Generally, locks are advisory locks, where each thread cooperates by acquiring the lock before accessing the corresponding data. Some systems also implement mandatory locks, where attempting unauthorized access to a locked resource will force an exception in the entity attempting to make the access.
A semaphore is the simplest type of lock. No distinction is made between shared (read only) or exclusive (read and write) modes. Other schemes provide for a shared mode, where several threads can acquire a shared lock for read-only access to the data. Other modes such as shared, exclusive, intend-to-exclude and intend-to-upgrade are also widely implemented.
Independent of the type of lock chosen above, locks can be classified by what happens when the lock strategy prevents progress of a thread. Most locking designs block the execution of the process requesting the lock until it is allowed to access the locked resource. A spinlock is a lock where the thread simply waits ("spins") until the lock becomes available. It is very efficient if threads are only likely be blocked for a short period of time, as it avoids the overhead of operating system process re-scheduling. It is wasteful if the lock is held for a long period of time.

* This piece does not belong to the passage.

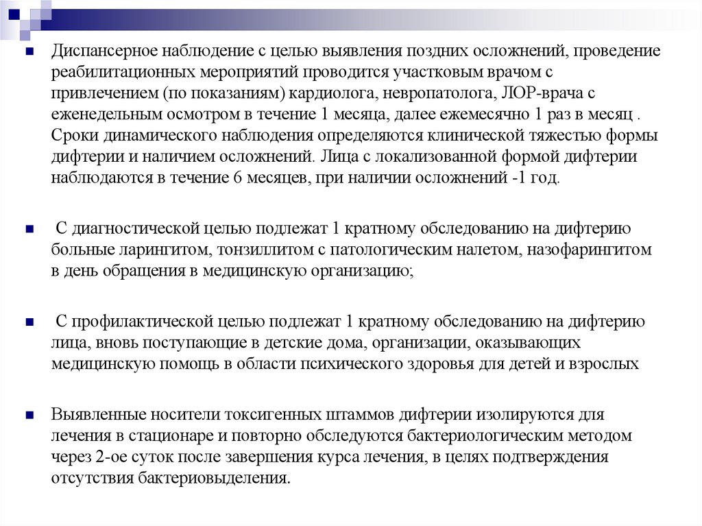 дифтерии и наличием осложнений. Лица с локализованной формой дифтерии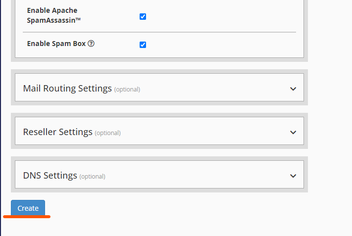 - DNS Settings: Choose whether you want WHM to automatically configure the DNS for the domain. For most users, the default setting is fine.

Locks require hardware support for safe implementation. This is usually provided by a special "atomic" instruction such as "test-and-set" or "fetch-and-add" or "compare-and-swap". Uniprocessor architectures have the option of using uninterruptable sequences of instructions, using special instructions or instruction prefixes to "disable interrupts" temporarily -- but that won't work for multiprocessor shared-memory machines. Proper support for locks in a multiprocessor environment can require quite complex hardware and/or software support, with substantial synchronization issues.
Careless use of locks can result in deadlock. This occurs when a process holds a lock and then attempts to acquire a second lock. If the second lock is already held by another process, the first process will be blocked. If the second process then attempts to acquire the lock held by the first process, the system has "deadlocked": no progress will ever be made. A number of strategies can be used to avoid or recover from deadlocks, both at design time and at run-time.

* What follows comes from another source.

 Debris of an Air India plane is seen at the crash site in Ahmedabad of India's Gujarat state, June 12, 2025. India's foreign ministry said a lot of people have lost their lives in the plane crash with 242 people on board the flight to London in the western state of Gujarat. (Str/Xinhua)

An important property of a lock is its granularity. The granularity is a measure of the amount of data the lock is protecting. In general, choosing a coarse granularity (a small number of locks, each protecting a large segment of data) results in is less overhead when a single process is accessing the protected data, but a worse performance when multiple processes are running concurrently. This is because of increased lock contention: the more coarse the lock, the higher the likelihood that the lock will stop an unrelated process from proceding. Conversely, using a fine granularity (a larger number of locks, each protecting a fairly small amount of data) increases the overhead of the locks themselves but reduces lock contention. More granular locks also increase the risk of deadlock.

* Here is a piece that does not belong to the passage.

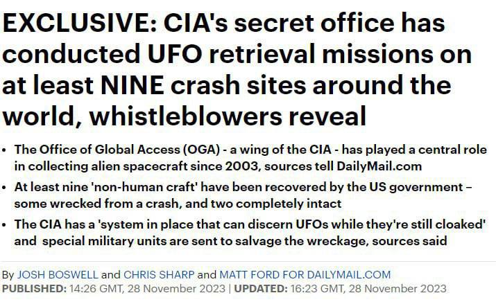 Инсайдер также утверждает, что у ЦРУ есть как минимум девять аппаратов внеземного происхождения, два из которых не повреждены.
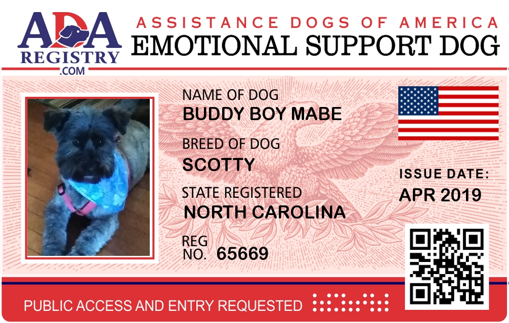 Emotional Support Dog Registration for Buddy Boy Mabe

In a database management system, for example, a lock could protect, in order of increasing granularity, a record, a data page, or an entire table. Coarse granularity, such as using table locks, tends to give the best performance for a single user, whereas fine granularity, such as record locks, tends to give the best performance for multiple users.
One strategy is to avoid locks entirely by using lock-free (non-blocking) programming techniques.